_Data for the task_.

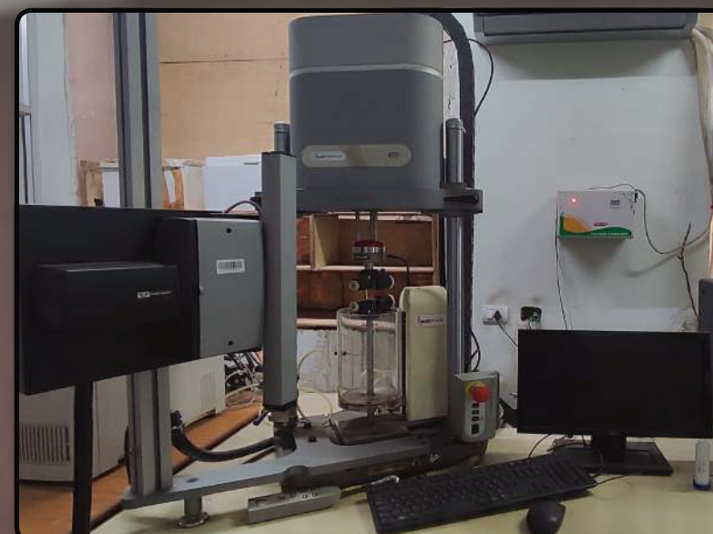
Universal Testing Machine
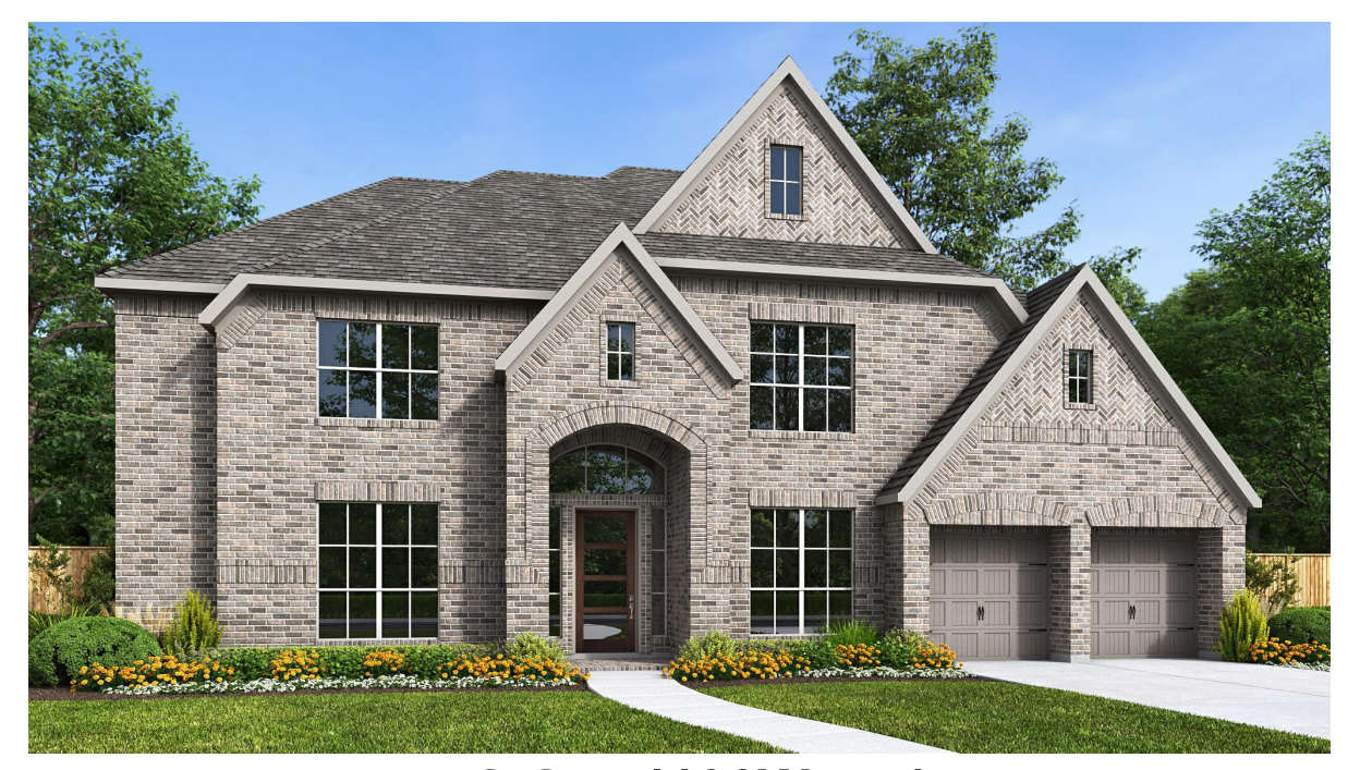
DESIGN 4190W E-1
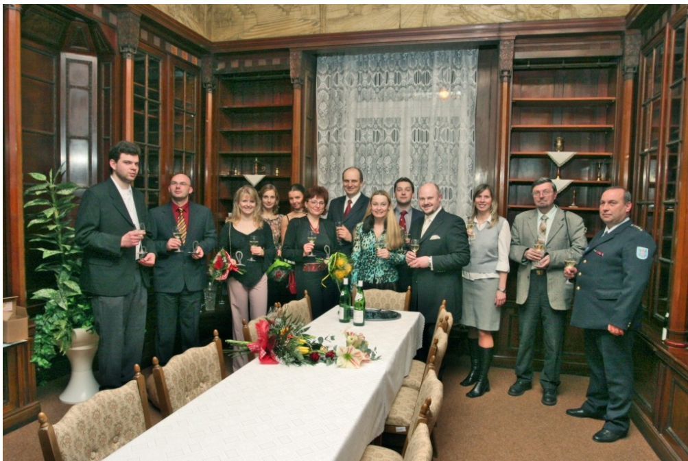
Dear volunteers, thank you for your good hearts!
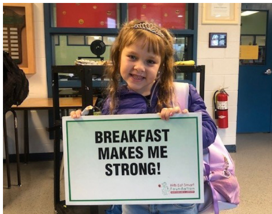
Riverwood Academy, Wing's Point, serves breakfast 5 days a week to 150 children.
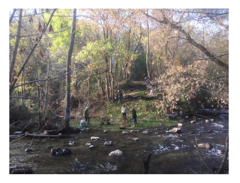
The Kern Road planting site.
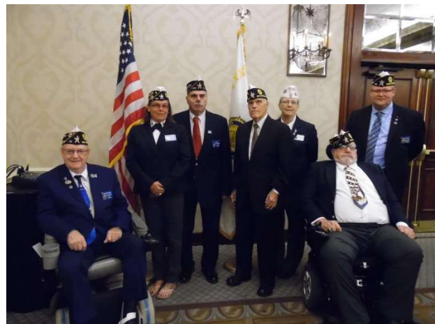
Figure 8 - Division 2 District Commanders
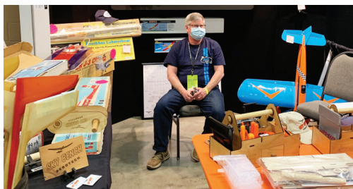
One of several vendors who attended the Toledo Swap Meet.

“This is a perfect place to meet old friends and make new ones. At one of the concessions stands, I sat down with an old friend to share a little hangar talk and listen to the announcer call numbers for door prizes. I returned the next day looking for the things I needed. I talked with several vendors who were there showing products before the auction.
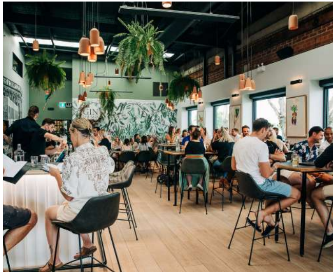
DISTILLERY BAR PAX: 10 - 30
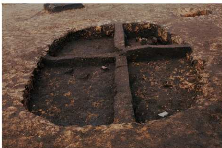
3号竪穴住居跡 埋土堆積状況 西から
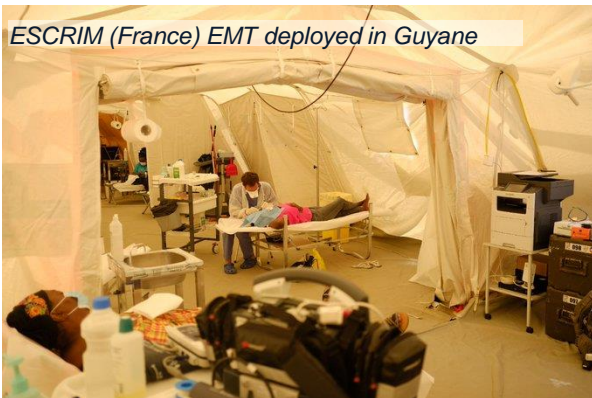
ESCRIM (France) EMT deployed in Guyane

The EMT network is currently preparing for the deployment of experts and teams to the Occupied Palestinian Territory and Papua New Guinea to support the Ministries of Health in their response to the increasing cases of COVID-19.
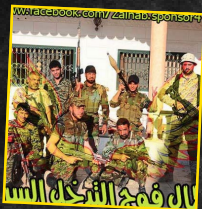
Personnel of SWAT Regiment
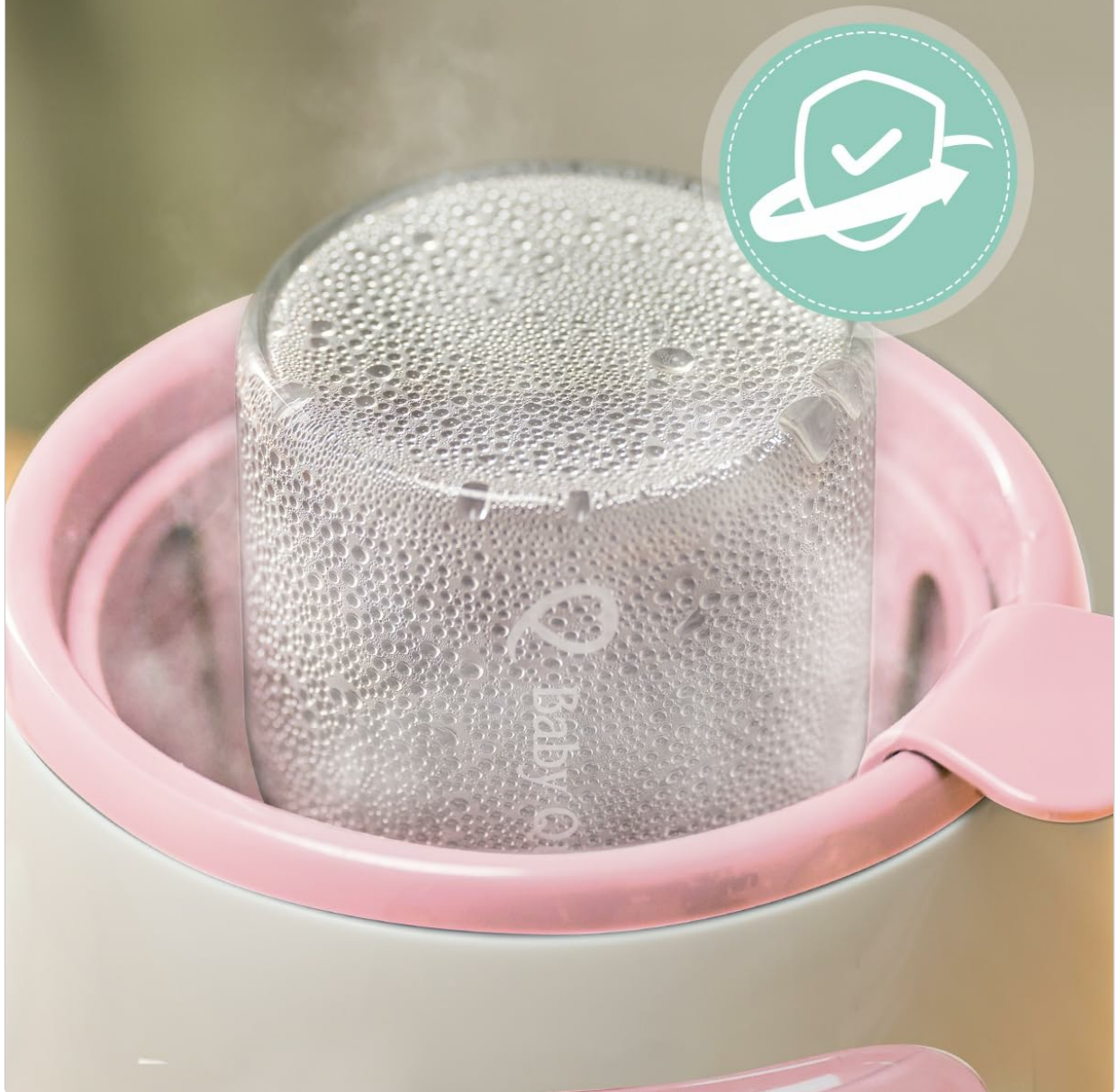
Figure 7: Steam Sterilization

High-Temperature Disinfection Kills 99.99% of Germs
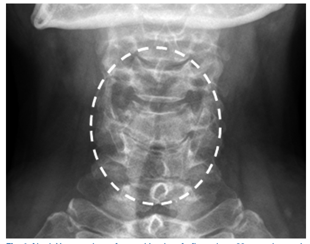
Fig. 1. Neck X-rays taken after oral intake of afloqualone 20 mg, when stridor and hoarseness were present, show supraglottic airway narrowing.

A 62-year-old woman visited the emergency room with
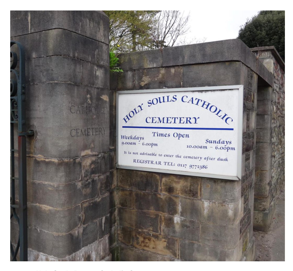
Holy Souls Roman Catholic Cemetery
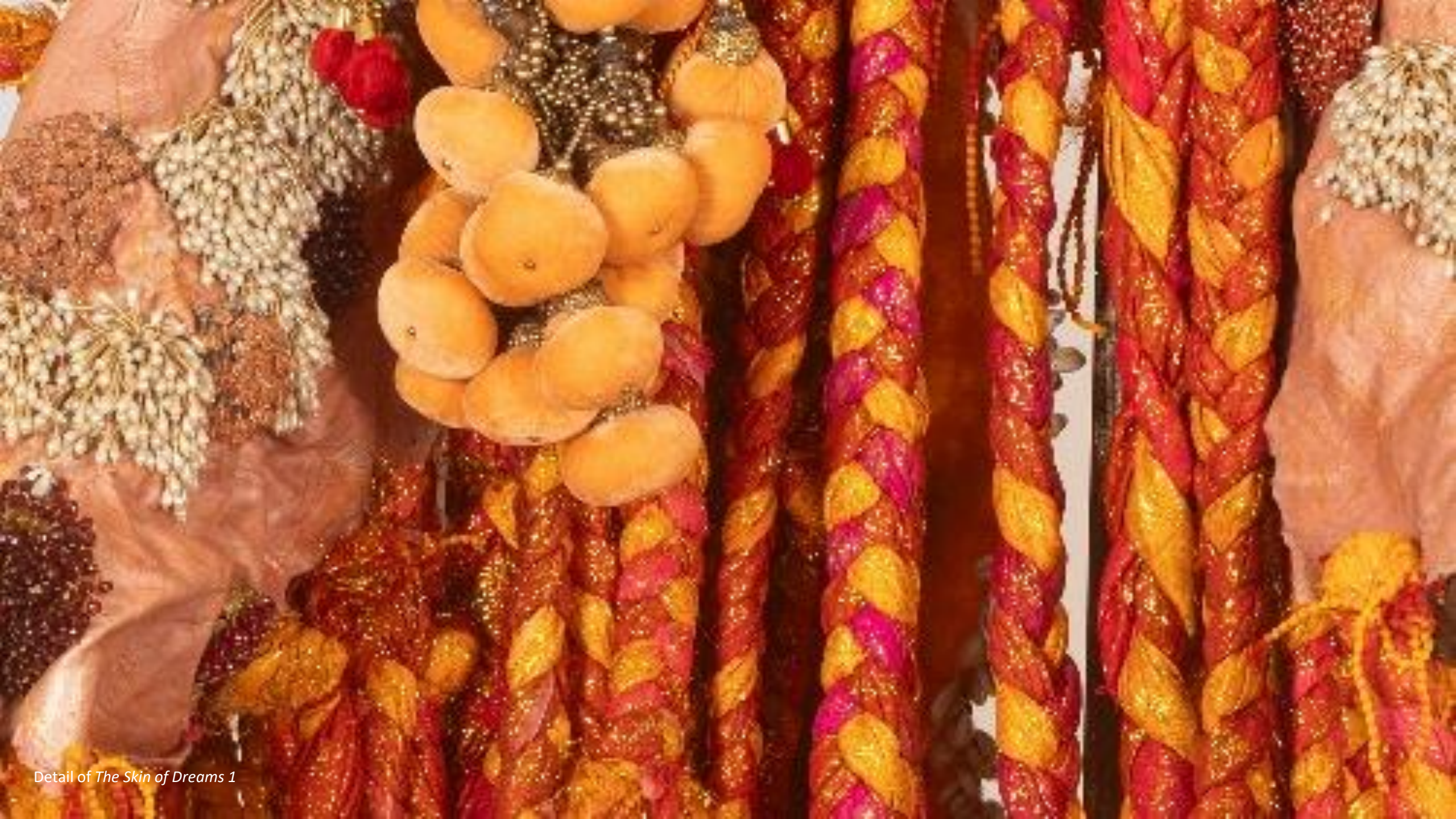
Detail of The Skin of Dreams 1

_Work to be completed_.
The copy should hold exactly the lines above from the one with "DESIGN 4190W E-1" through the one with "One of several", both ends counted, and no pictures at all.

_Answer for this exercise_.
DESIGN 4190W E-1
Dear volunteers, thank you for your good hearts!
Riverwood Academy, Wing's Point, serves breakfast 5 days a week to 150 children.
The Kern Road planting site.
Figure 8 - Division 2 District Commanders
One of several vendors who attended the Toledo Swap Meet.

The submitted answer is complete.